Ford’s GTE Pro class victory on its return to Le Mans in 2016, on the 50th anniversary of its maiden success, wasn’t the only example of history repeating itself that weekend. Two of its winning drivers, Joey Hand and Dirk Muller, had already formed a formidable duo at BMW. Their friendship makes Hand an unsurprising favourite team-mate pick for the German

It’s rare that a successful sportscar racing double act spans multiple manufacturers. Once strong foundations are built up, loyalty (and an accompanying pay bonus) typically keeps one or both drivers in the environment where they hit it big. Examples of both parties moving on to the same destination, then recapturing previous glories in entirely different surroundings without it being the result of a boardroom-level mandate (such as the one that triggered Timo Bernhard and Romain Dumas switching from Porsche to sister brand Audi for the 2010 Le Mans 24 Hours) are scarce.
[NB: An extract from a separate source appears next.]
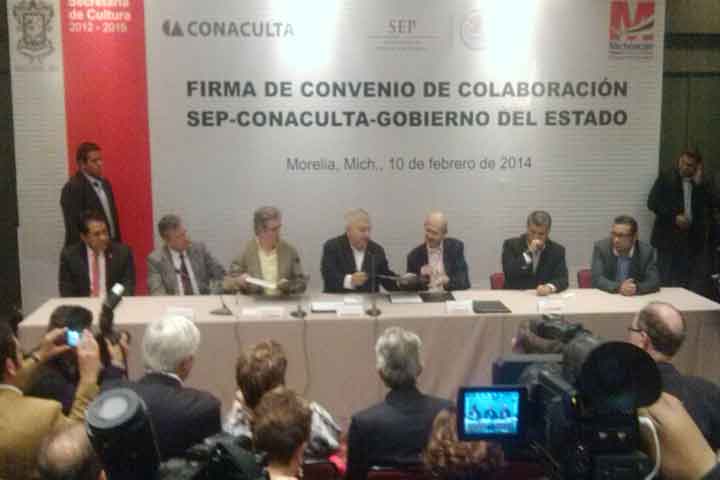 El secretario de Educación Pública, Emilio Chuayffet Chemor, anunció el despliegue de una importante estrategia de desarrollo cultural en Michoacán, que contempla la creación del Centro Cultural del Fondo de Cultura Económica (FCE) de Apatzingán.

But Dirk Muller and Joey Hand proved to be the exception to that rule when the former BMW colleagues, who together claimed the American Le Mans Series GT class title in 2011, were reunited at Ford and conquered the GTE Pro division at Le Mans 50 years on from the Blue Oval’s famous inaugural triumph. Fittingly, this one too came at the expense of Ferrari.

Both Muller, who started his career at Porsche and had a two-year spell at Ferrari (that yielded the 2007 FIA GT2 crown) between two stints at BMW, and Hand remain contracted to the Multimatic organisation that operated the Ford GT programme between 2016 and 2019. So, although the pair haven’t driven together in the past four years, they have now been colleagues on and off for well over a decade. Perhaps unsurprisingly therefore, Muller’s choice of Hand as his favourite team-mate isn’t motivated purely by their success.

“It’s probably something extremely unique – to call a team-mate a friend,” the 47-year-old explains. “In that kind of business, it’s [normally] like a working relationship. But Joey and myself - we are not 100% exactly driving the same way, but extremely close.

“What really I think suits both of us is that he knows, when he is doing set-up work, what I need and vice versa. We have the same kind of thinking. The sense of humour is the same, so it really fits well.”

Muller first encountered Hand in the 2009 ALMS upon rejoining BMW for its first entry into the series since 2001, when Muller had been part of the driver roster in the flame-spitting M3 GTR. The German shared a Rahal-run M3 E92 in the GT2 class with Tommy Milner, while Hand was paired up with Bill Auberlen in the sister entry.